Pour contourner ce problème, Lee et ses collègues ont dû réinventer entièrement la conception d'une combinaison spatiale en utilisant des matériaux plus légers, mais surtout, en l'intégrant à un système dynamique basé sur un petit rover (façon ATV) que les astronautes utiliseront pour explorer la surface de Mars. Parce que l'ATV peut abriter la majeure partie de la masse d'une combinaison spatiale, tels que les réservoirs d'oxygène et les batteries que l'on place d'ordinaire au dos de la combinaison, les astronautes seront soulagés du poids de ces instruments, qui ne les entraveront plus.

« Nous ne voulons plus concevoir l'astronaute comme une entité séparée se déplaçant de manière autonome avec sa combinaison, » explique Lee. « Maintenant, on parle d'un système d'exploration comprenant l'astronaute et son rover. Ces deux-là sont indissociables. »

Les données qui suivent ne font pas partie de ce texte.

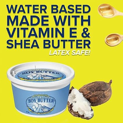 Boy Butter H20 is our water-based cream lubricant with added Vitamin E and Shea butter, whipped into an organic creamy faux-grease that safe to use equally for both men and women. The formula is creamy and goes on clear, the end result is a water based personal lubricant that feels like an oil-based lubricant yet is totally water-based, latex safe and vaginally safe.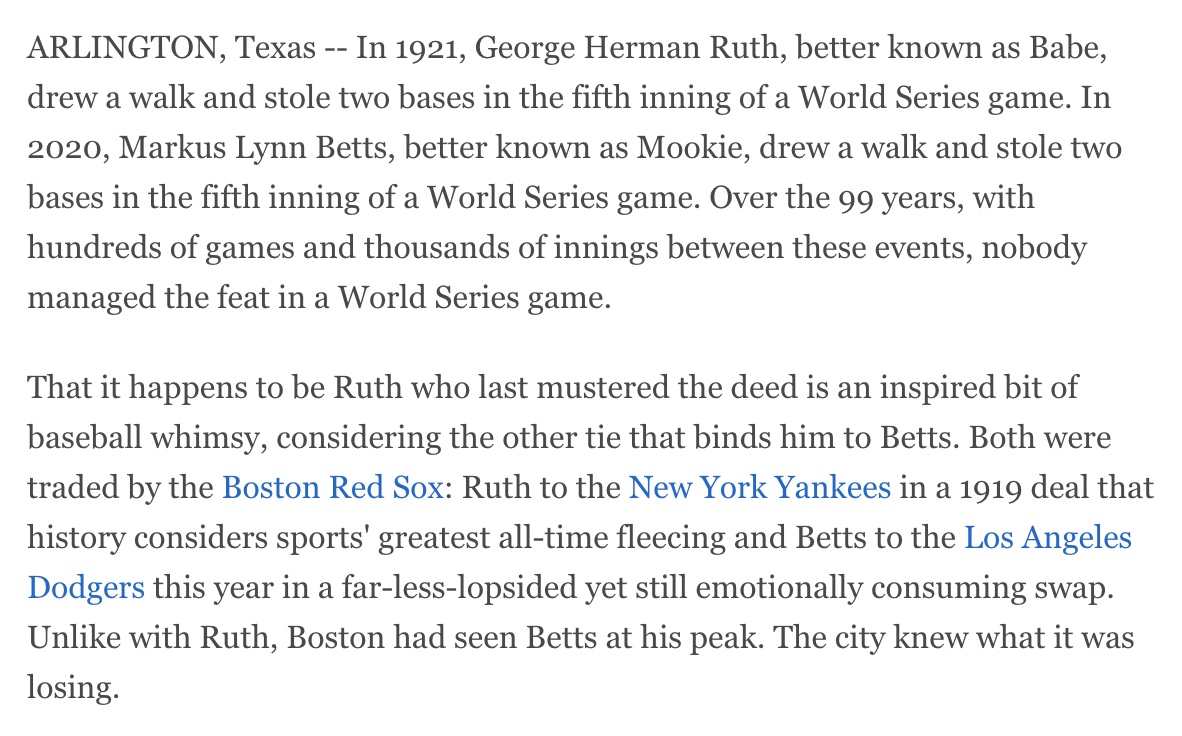 That was such a special ground out by Mookie. The way he works the count and then gracefully places the ball on a deliberate path and gallops down the line without hesitation reminds you that he's one of the greats in our game.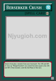 Berserker Crush Quick-Play Spell Remove from play 1 monster from your Graveyard. The ATK and DEF of 1 face-up "Winged Kuriboh" you control becomes equal to the ATK and DEF of that monster, until the End Phase of this turn. SUPER RARE |
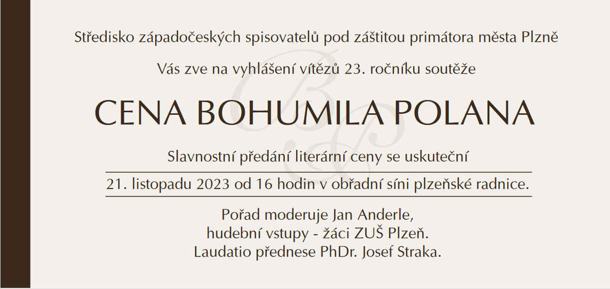 Středisko západočeských spisovatelů vyhlašuje pětadvacátý ročník Ceny Bohumila Polana!

Selon Lee, la réflexion sur la mobilité sera le point culminant des recherches menées sur la base cet été. Maintenant qu'ils disposent de deux Humvees customisés pour effectuer des simulations, les chercheurs testeront de nouvelles technologies et de nouveaux protocoles d'exploration basés sur l'utilisation d'un duo de véhicules.

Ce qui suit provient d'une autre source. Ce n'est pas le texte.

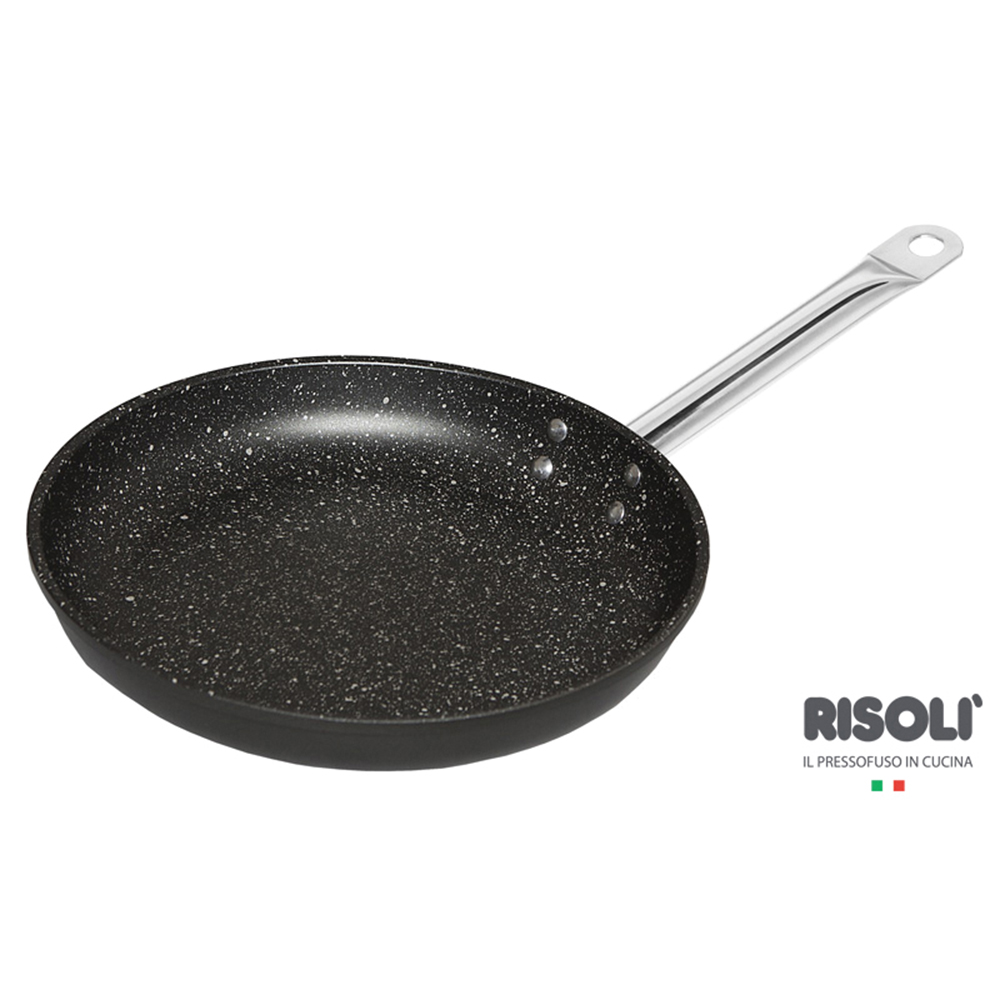 Επαγγελματικό τηγάνι 24cm χυτού αλουμινίου με επίστρωση γρανίτη, εξαιρετικής αντικολλητικότητας και αντοχής.Με τριετή εγγυήση για επαγγελματική χρήση.Με λαβές απο ανοξείδωτο ατσάλι και τοποθετημένα με καρφιά .Μαγειρεύει σε λιγότερο χρόνο και σε χαμηλότερη θερμοκρασία χάρη στη σωστή κατανομή θερμότητας,ιδιότητα που προσδίδει το χυτό αλουμίνιο.

Au cours de la nouvelle mission, les deux rovers quitteront la base du projet Haughton-Mars et s'aventureront profondément dans les terres, vers une région de l'île non cartographiée. Le premier véhicule transportera un équipage de trois personnes et fera de l'analyse géologique. Plus intéressant : il simulera des avaries. Cela permettra de tester les capacités du second véhicule, qui servira de support, secours et relais radio vers la base. Ce second véhicule portera également un opérateur de drone, qui surveillera l'avancée des deux engins depuis le ciel.

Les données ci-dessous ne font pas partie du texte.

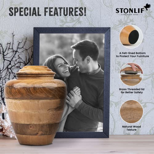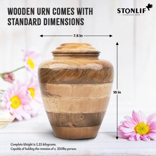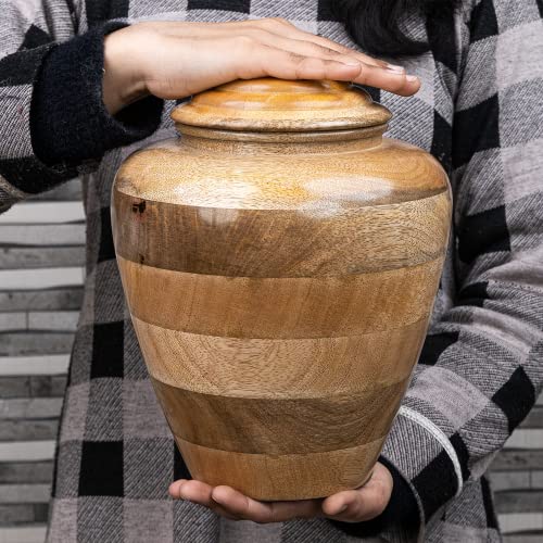 Wooden Urns for Human Ashes for Adults Upto 250 lbs | Adult - Male, Female | Cremation Memorial Ash Urn | Natural Mango Wood Large Keepsake Urn – 10.0 Inches, 1 Pc

Bien que certains scientifiques estiment que l'exploration du système solaire doit être laissée aux robots – plus sûrs et moins coûteux à transporter – Lee est persuadé que, dans de nombreux cas, les humains sont les seuls habilités à effectuer des tâches difficiles. Surtout quand il s'agit de chercher des formes de vie sur la planète rouge. Selon lui, notre meilleur espoir de découvrir la vie consistera à aller sous la surface de Mars. Dans ce contexte, les robots ne pourront pas faire le job, tout simplement.

« Si les humains vont sur Mars, nous aurons une opportunité scientifique incroyable – notamment en ce qui concerne la recherche de la vie extraterrestre », explique Lee. « Il nous faudra explorer le sous-sol, ce qui est très difficile avec des robots. Pourtant, si nous devons trouver la vie sur Mars, ce sera dans un endroit chaud et humide, c'est-à-dire dans un souterrain. »

Grâce à vingt ans d'expériences comme celles-ci, nous sommes prêts pour la plus grande aventure jamais entreprise par notre espèce, et surtout, pour la plus grande découverte scientifique de tous les temps. Gardons toujours ces rêves d'exploration à l'esprit, pour le meilleur et pour le pire.